Yes, but that large texture sheet isn't referenced by anything anywhere.  Well, it probably is, but it's buried so deep that I have never been able to find it.

 

As for dealing with OGL, once you have raw pixel data, it's not too bad.  I did this by operating on the raw bitmap data (arrays of integers).  I actually utilized some code from that project for a block I'm working on, as I wanted to simulate rock fracture planes better than destroyed/not destroyed from explosions.  So I snagged the 2D line-drawing code from that project, converted it to handle 3D, and did the research for the 3D rotation of an arbitrary vector around another arbitrary vector (so I could draw 3D lines that went from the destroyed block, away from the explosion, but at a random angular offset).

 

Anyway, towards this problem:

either extract the texture name from the Item's model and reload it from the file, or use OpenGL to render the relevant part of the texture sheet into a FrameBufferObject and read it back out

 

Neither will do much good if we can't save the data back into the texture sheet.

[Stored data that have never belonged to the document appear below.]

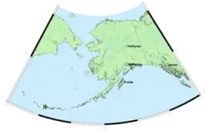 Gareloi (Russian: Горелый) or Anangusook (Aleut: Anangusix̂[1]) is a volcanic island in the Delarof Islands of the Aleutian Islands of Alaska. It is located between the Tanaga Pass and the Amchitka Pass.
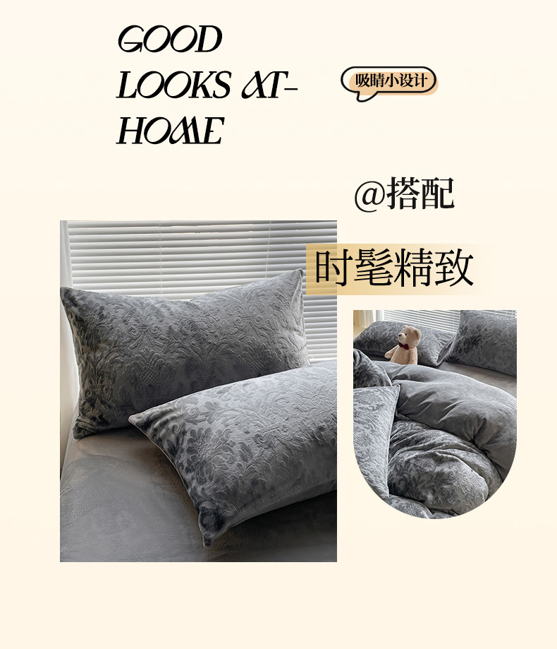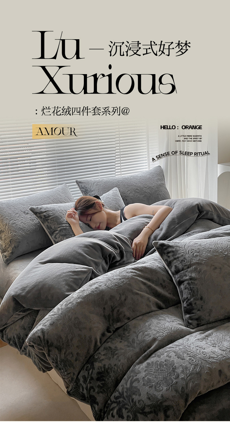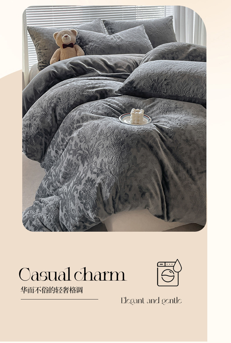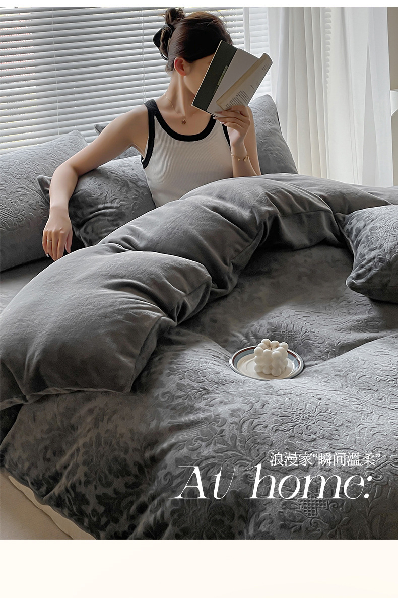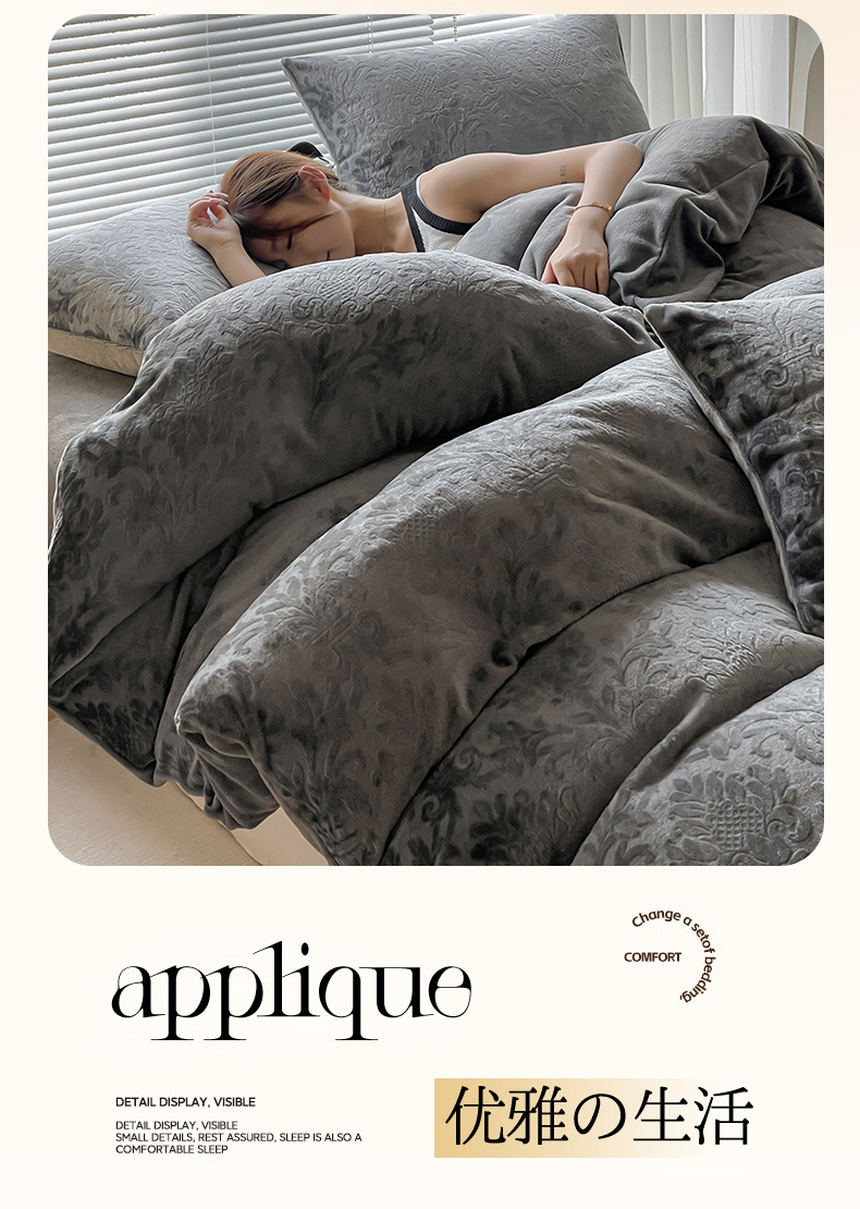 Otoño y invierno tallado leche de seda cama de cuatro piezas con sábanas de lana de coral cubierta de cama de tres piezas 4
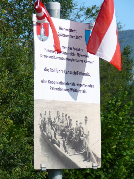 Abends Bei "Lansach" kann man mit einer handbetriebenen "Rollfähre" die
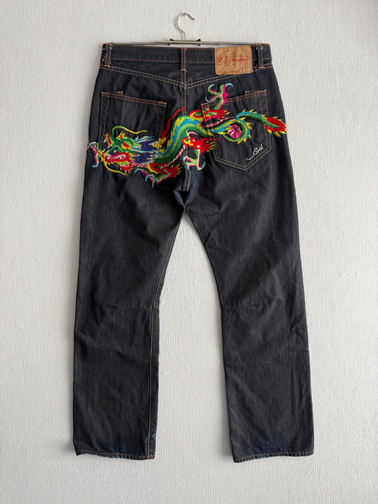 Ed Hardy Dragon Embroidered Blue Denim Jeans
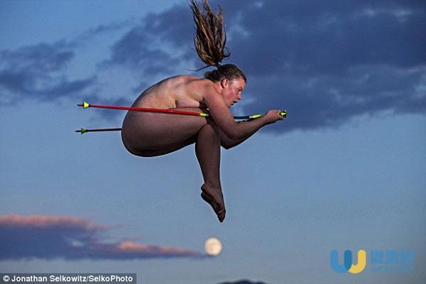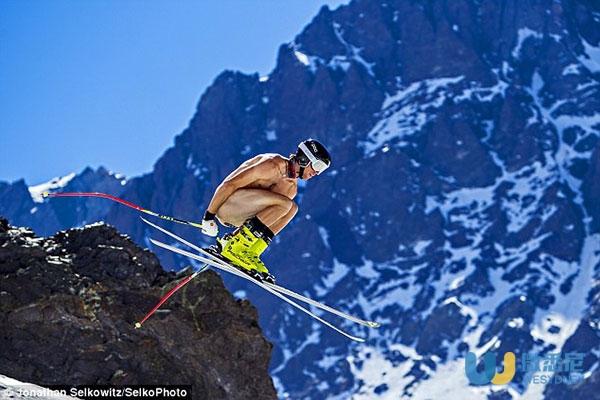 运动员们在冰天雪地中赤身裸体,他们或飞翔,或跳跃,或旋转,或急速滑下,

Apparently I'm a complete and utter jerk and come to this forum just like to make fun of people, be confrontational, and make your personal life miserable.  If you think this is the case, JUST REPORT ME.  Otherwise you're just going to get reported when you reply to my posts and point it out, because odds are, I was trying to be nice.

 

Exception: If you do not understand Java, I WILL NOT HELP YOU and your thread will get locked.

 

DO NOT PM ME WITH PROBLEMS. No help will be given.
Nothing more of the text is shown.